In recent years, in order to elucidate the pathogenesis of cancer, Alzheimer's disease, lifestyle-related diseases, and other diseases, develop new drugs, and even develop preventive methods, the development of technologies to obtain information on all biomolecules expressed in the cells that cause these diseases (omics information) has attracted attention. In particular, for the development of new medical technologies required to realize a healthy and long-lived society, it is necessary to acquire omics information on individual cells, rather than the conventional acquisition of information on a bulk cell population. The technology to analyze RNA expression in each cell (scRNA-seq method) is not only for basic research but also for the development of new medical technologies. (scRNA-seq) is widely used around the world not only for basic research but also for the development of new medicines.
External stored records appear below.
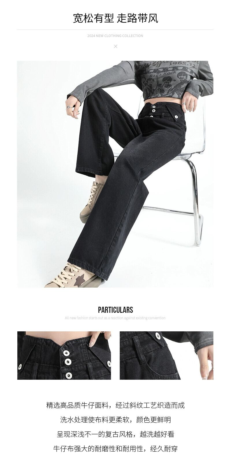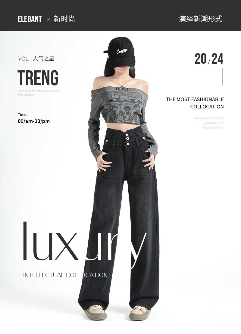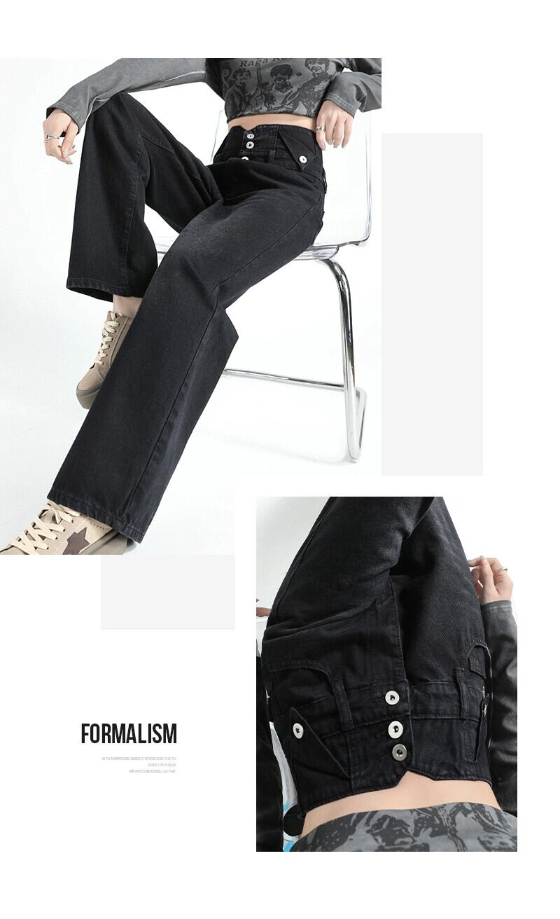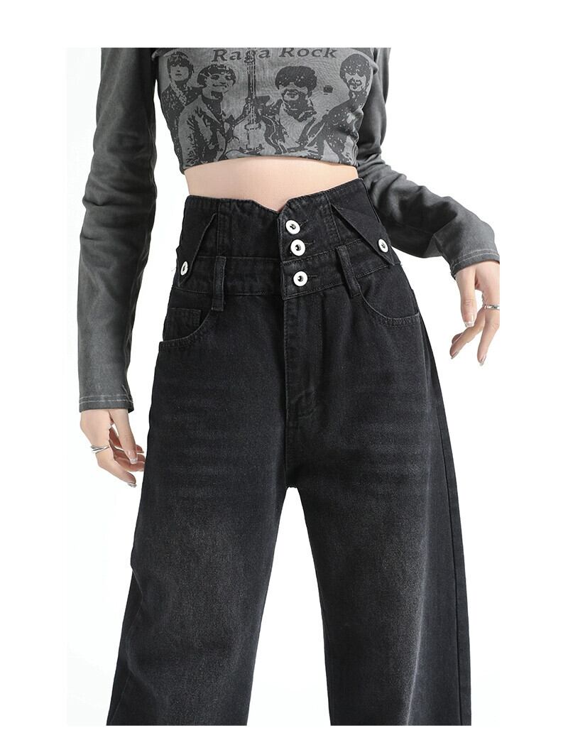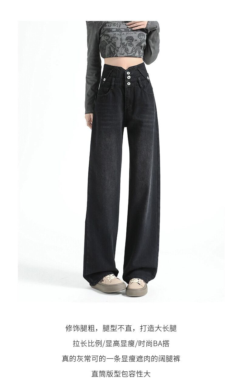黒のワイドレッグジーンズの女性、春と秋のデザイン、ニッチ、ルーズ、ストレート、スリム、ドレープ、フロアレングスのハイウエストパンツ ブラック スプリング 春物 オータム 秋物 7460044108871314 | framboise21
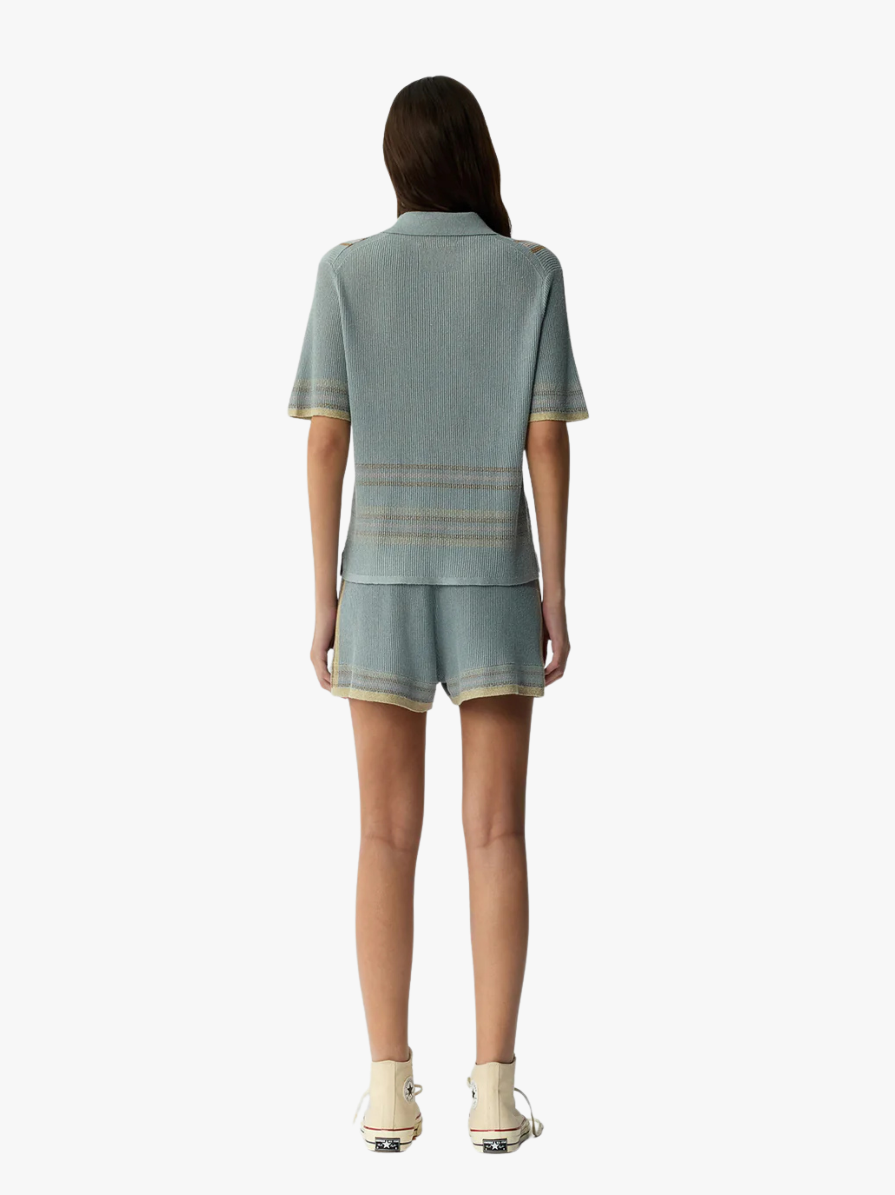 • Kurze Ärmel mit kontrastierendem Streifendetail am Saum.
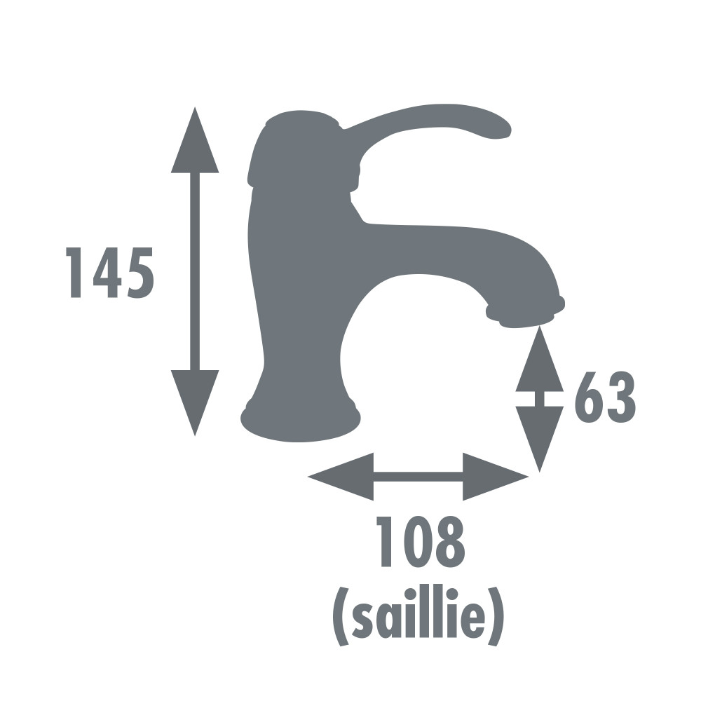 Équipé d'une cartouche céramique diamètre 40 mm, il dispose d'un aérateur réducteur de débit permettant de diminuer la consommation d'eau. La poignée en métal permet de régler la température et le débit. Le bec est fixe et le vidage avec bonde plastique est fourni.
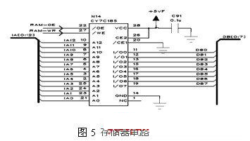 通過軟件參與設置,很容易得到全頻段內(nèi)的預置誤差數(shù)據(jù)。對于2-20GHz的微波振蕩器,如果每隔5MHz設置補償一個點,那么存儲器至少需要3600個地址空間,在此選擇8k×8靜態(tài)存儲器芯片,存儲空間滿足要求。在時鐘的同步控制下,地址生成器產(chǎn)生對應地址,該系列數(shù)據(jù)被存入RAM中,電路如圖5所示。
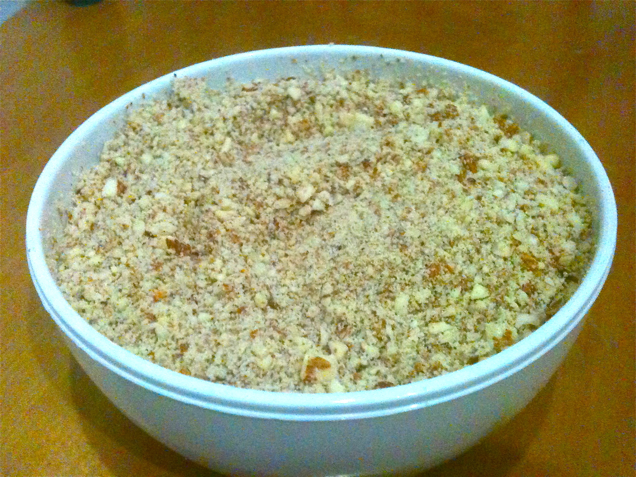 In a food processor, blitz almonds to about the consistency of wet sand. A few small chunks are okay.
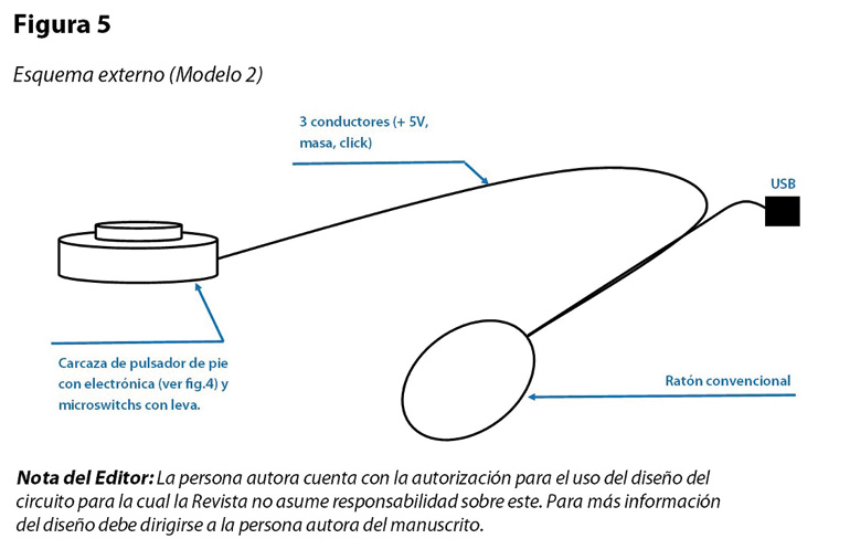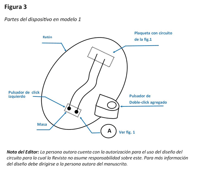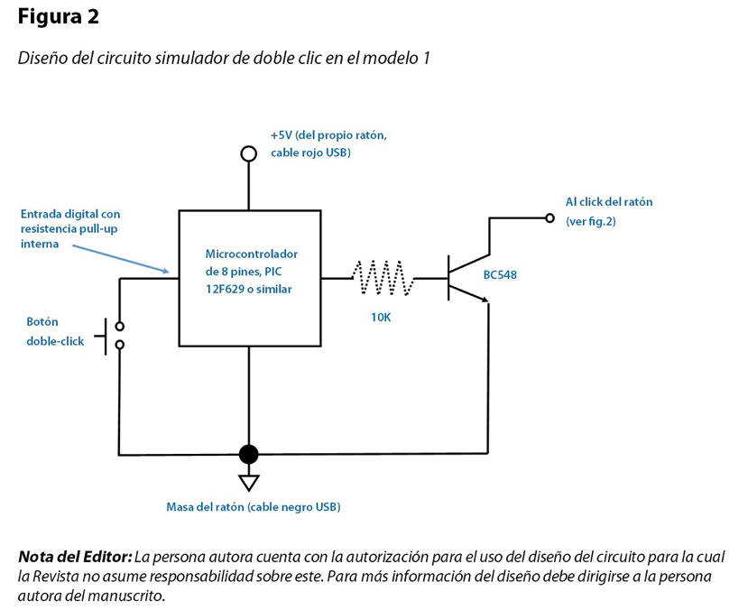 Como un paliativo al problema planteado, durante el primer año, se diseñó en colaboración con un ingeniero electrónico un dispositivo eléctrico/electrónico de bajo costo, anexado a un mouse de computadora para facilitar la utilización del mouse, el cual se denominó “simulador de doble clic”. Este botón simula un doble clic cuando los usuarios lo pulsan una sola vez (modelo 1). Posteriormente, se diseñó un botón pulsador más grande separado del mouse, previendo que algunas personas tienen mayores limitaciones en la pulsación, para que solo dieran un golpe (modelo 2).
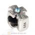 European Sterling Silver Cross Charm With Sapphire Austrian Crystal
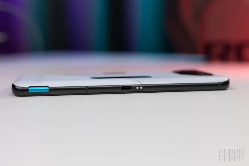 The ROG Phone design simply does not change — it's still got that huge 6.78-inch screen on the front and a meaty top and bottom bezel. The latter are there because they house a pair of excellent-sounding stereo speakers.
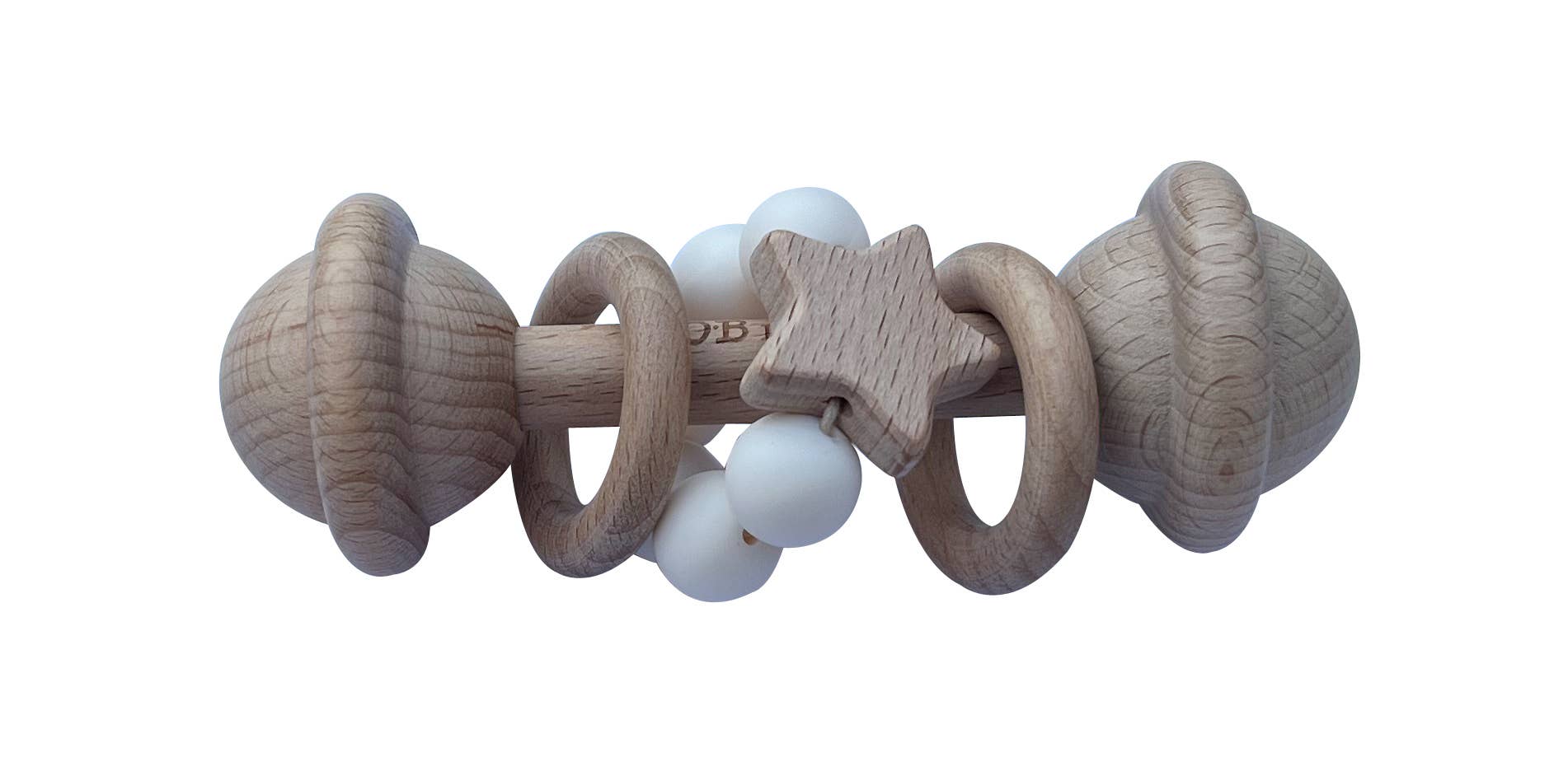 An eco-friendly rattle that is made from sustainable Beechwood Timber & Food Grade Silicone is a wonderful toy because when shaken, it makes a sweet clinking sound that your baby will love! They are also eco-friendly, non-toxic, free from harmful leads, metals, BPA, chemicals & phthalates. Silicone is a great sensory material and is soft on sore gums. Beechwood is naturally anti-bacterial.

However, the conventional scRNA-seq method can analyze only intracellular RNA expression and cannot directly analyze information on glycans, which are biomolecules localized on the cell surface. Because of the large diversity and branched structure of glycans, analysis of glycans requires a great deal of time and effort, and it has been difficult to analyze a large number of samples quickly. For this reason, glycans have not been fully utilized in drug discovery and healthcare.

Researchers at AIST, in collaboration with the University of Tsukuba, have developed a droplet-type single-cell glycan-RNA sequencing method (droplet-type scGR-seq method) for simultaneous analysis of glycans and RNAs expressed in each of approximately 10,000 cells isolated from tissues and other sources using a next-generation sequencer. We have developed a droplet-type scGR-seq method.

Cell surface glycans are used as drug targets for various diseases and for quality control of cells for regenerative medicine. In the past, we developed a technique to react multiple cells with lectins (sugar-binding proteins) labeled with DNA barcodes, separate each cell into microcentrifuge tubes, and acquire information on the expression of extracellular glycans and intracellular RNA in each cell using a next-generation sequencer. However, the number of cells that can be analyzed in a single experiment is limited to several hundred by the conventional plate-type method in which one cell is dispensed into a microcentrifuge tube. With the introduction of the droplet technology, approximately 10,000 cells can be analyzed in a single experiment, a 100-fold increase in the number of cells that can be processed compared to the conventional method. This enables more comprehensive analysis of the differences between different cell types and the diversity of cell surface glycans within the same cell type, as well as the rapid acquisition of information on rare cells that contain only a small number of cells.